In fact, expert psychologists in love recommend the world and life. Yes, it is true that when we face the person we like, we get excited and the chemists of love do their job. However, the origin lies in the expectations, which are shaped by our mental schemes and that often feed on the concept of love we have seen on television or in movies. It is difficult to imagine a millionaire in love with a wanderer.
As for falling in love, and as anthropologist Helen Fisher explains, “nobody knows exactly why it happens. We know that a very important cultural component is involved. The moment is also crucial: you have to be willing to fall in love. People tend to fall in love with someone close; but we also fall in love with people who are mysterious. ”
Mature love and cultural influence As for mature love, and according to the opinion of Robert Epstein, a psychologist at the American Institute for Behavioral Research and Technology: “Cultural practices greatly influence how people seek and develop love, and the key is the compatibility with mental schemes, that is, sharing a similar view of the world. ” Epstein thinks that “in cultures where people get married taking into account an irrational love vision promoted by the media; They have serious difficulties in maintaining the relationship, partly because they often confuse love with falling in love. This is not a favorable situation to have a long-term relationship. ”

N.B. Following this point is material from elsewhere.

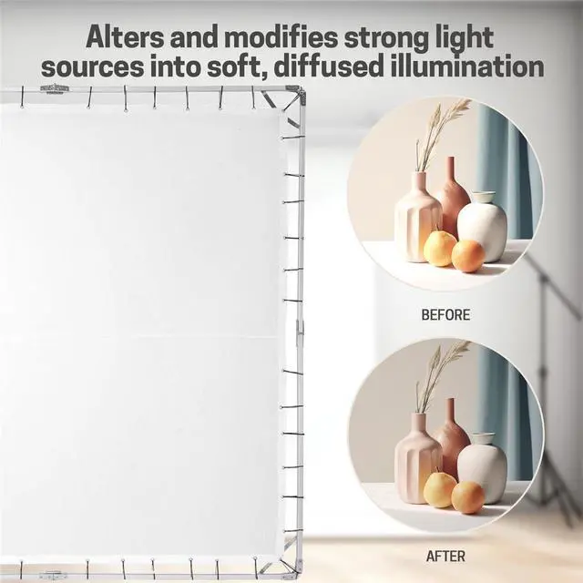 When secured with weights or sandbags outdoors, it reduces the intensity of any sunlight and filters softly on subjects being filmed or photographed. In the studio, careful placement of the scrim to the subject or light to scrim surface, anyone can control the properties of diffusion and reduction of strength to achieve flattering portraits and fashion images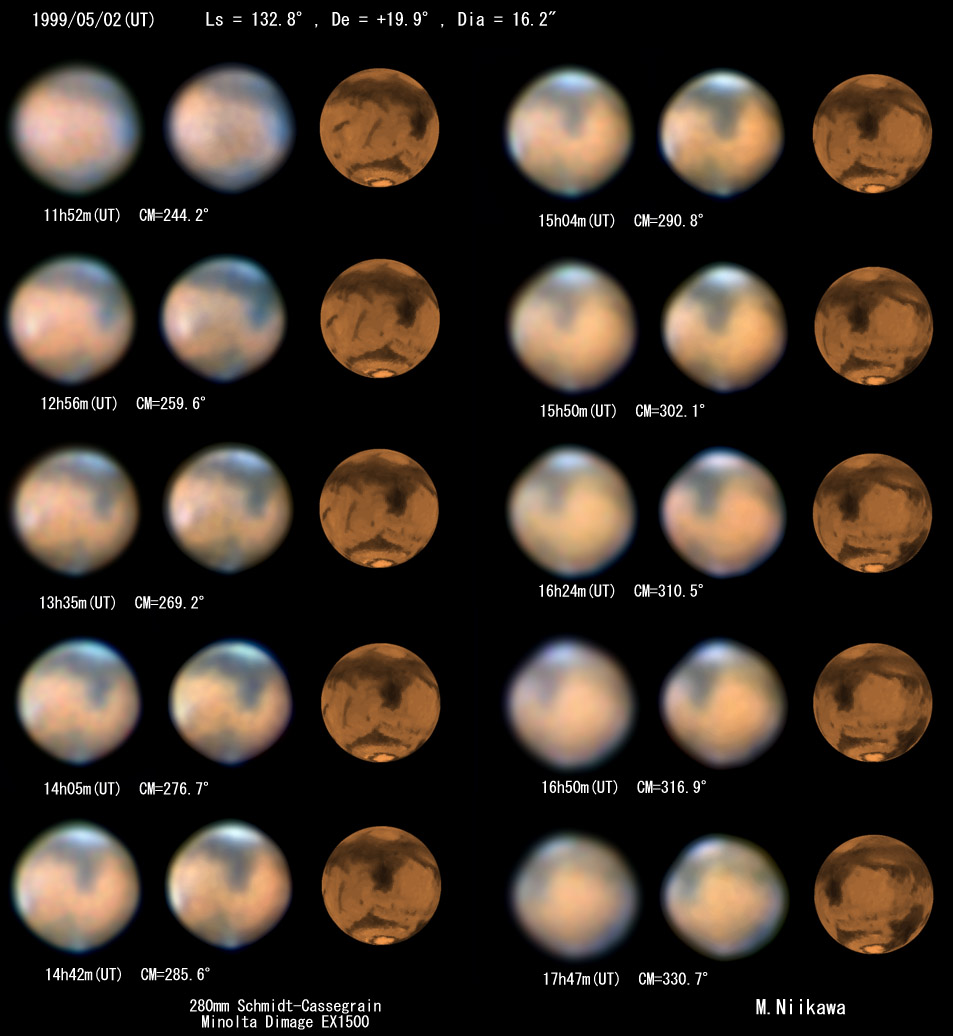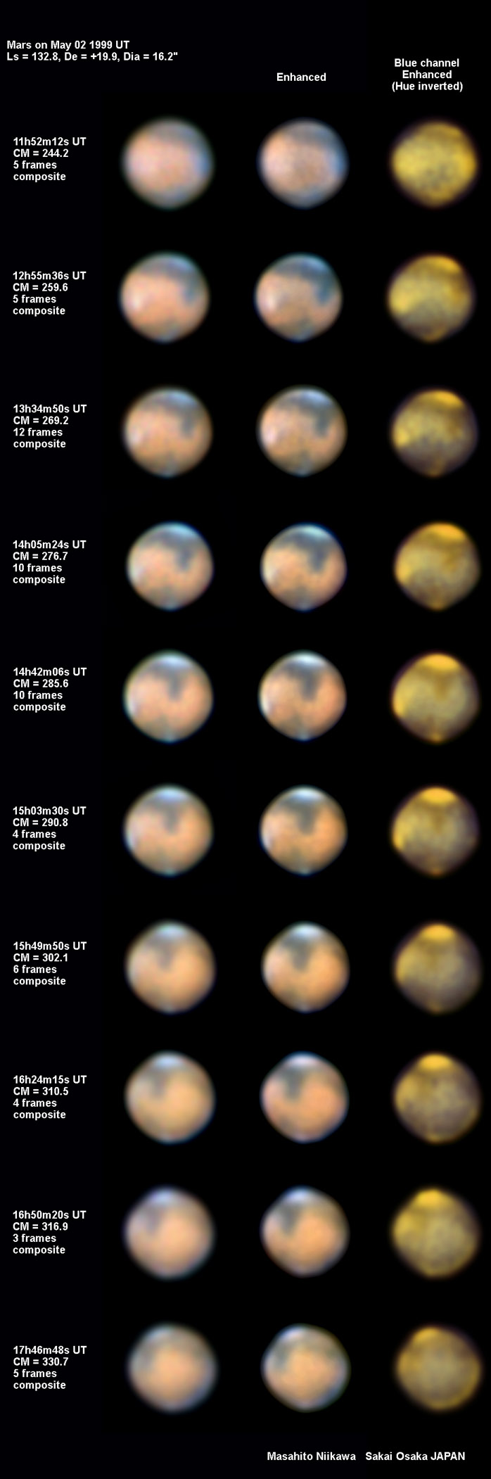 ![]() 1999/05/02 14:08:12(UT) Ls=132.83゜ CM=277.36゜ De=+19.89゜ Dia=16.18" 20cm F8ニュートン反射(苗村鏡) テレビュー3Xバーローレンズ 合成F24 NEC PICONA 1/7秒 3枚コンポジット アンシャープマスク処理 2°プリズム 透明度 8/10 シーイング 8/10 強調画像作成:伊賀 (こちらで拡大した画像としました) | |||

Love has to do with beliefs and values, and falling in love are a series of chemical reactions produced in different brain regions that make us have an idyllic perception of a person. Epstein says that "older people beyond the age of having children sometimes have a partner for more practical reasons." Which implies that over the years we can educate ourselves to have a much more realistic vision of what it means to have a partner.